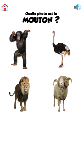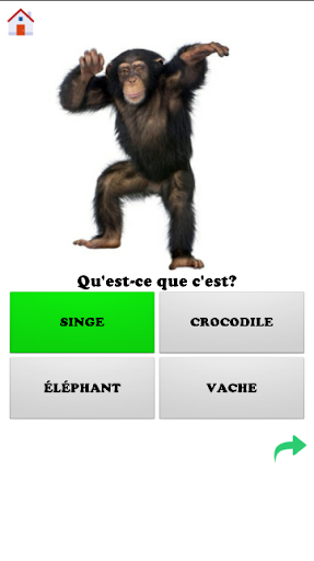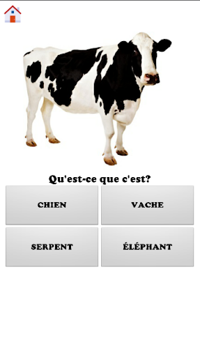 Game 2: One random French word from the elected category is displayed and you are asked to select the correct image from the options.
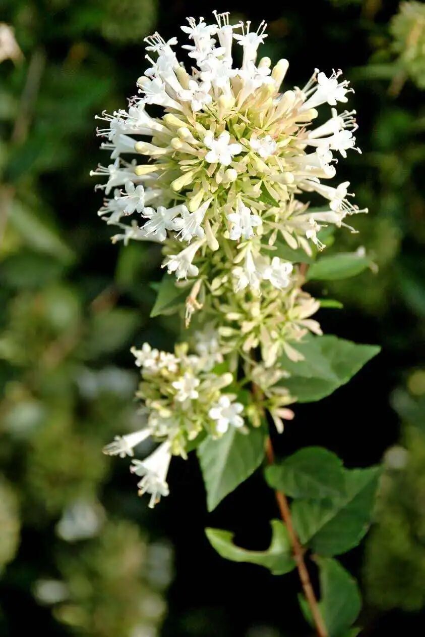 Deciduous multi-branched shrub (up to 2 m) with cymes at the axils of the leaves, composed of many inflorescences assembling into a conical cluster of flowers, flowers White to red, funnel-shaped (filaments elongated), aromatic. Glutinous rice strips like light (shade resistance is also strong), warm and humid climate, and are resistant to pruning but not to accumulated water.
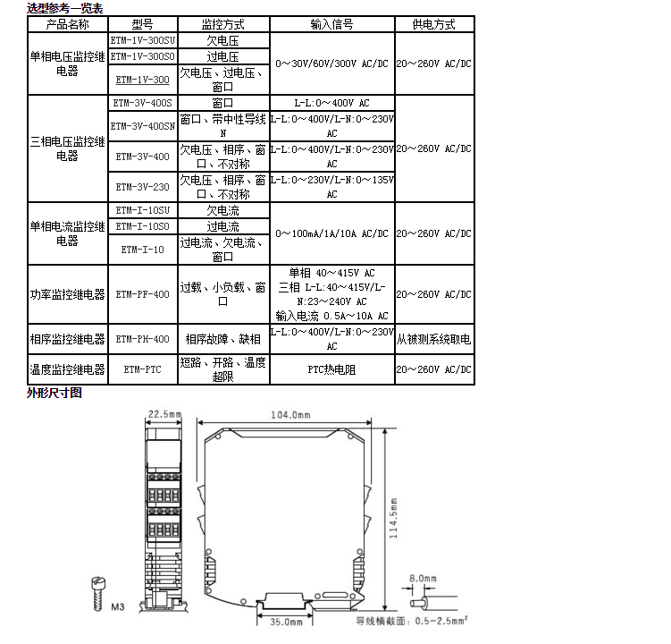 单相电压监控继电器

*About this task*. The required output is the line containing "Deciduous multi-branched shrub" plus every line after it to the end of the data, copied exactly and with no pictures.

*The answer*.
 Deciduous multi-branched shrub (up to 2 m) with cymes at the axils of the leaves, composed of many inflorescences assembling into a conical cluster of flowers, flowers White to red, funnel-shaped (filaments elongated), aromatic. Glutinous rice strips like light (shade resistance is also strong), warm and humid climate, and are resistant to pruning but not to accumulated water.
 单相电压监控继电器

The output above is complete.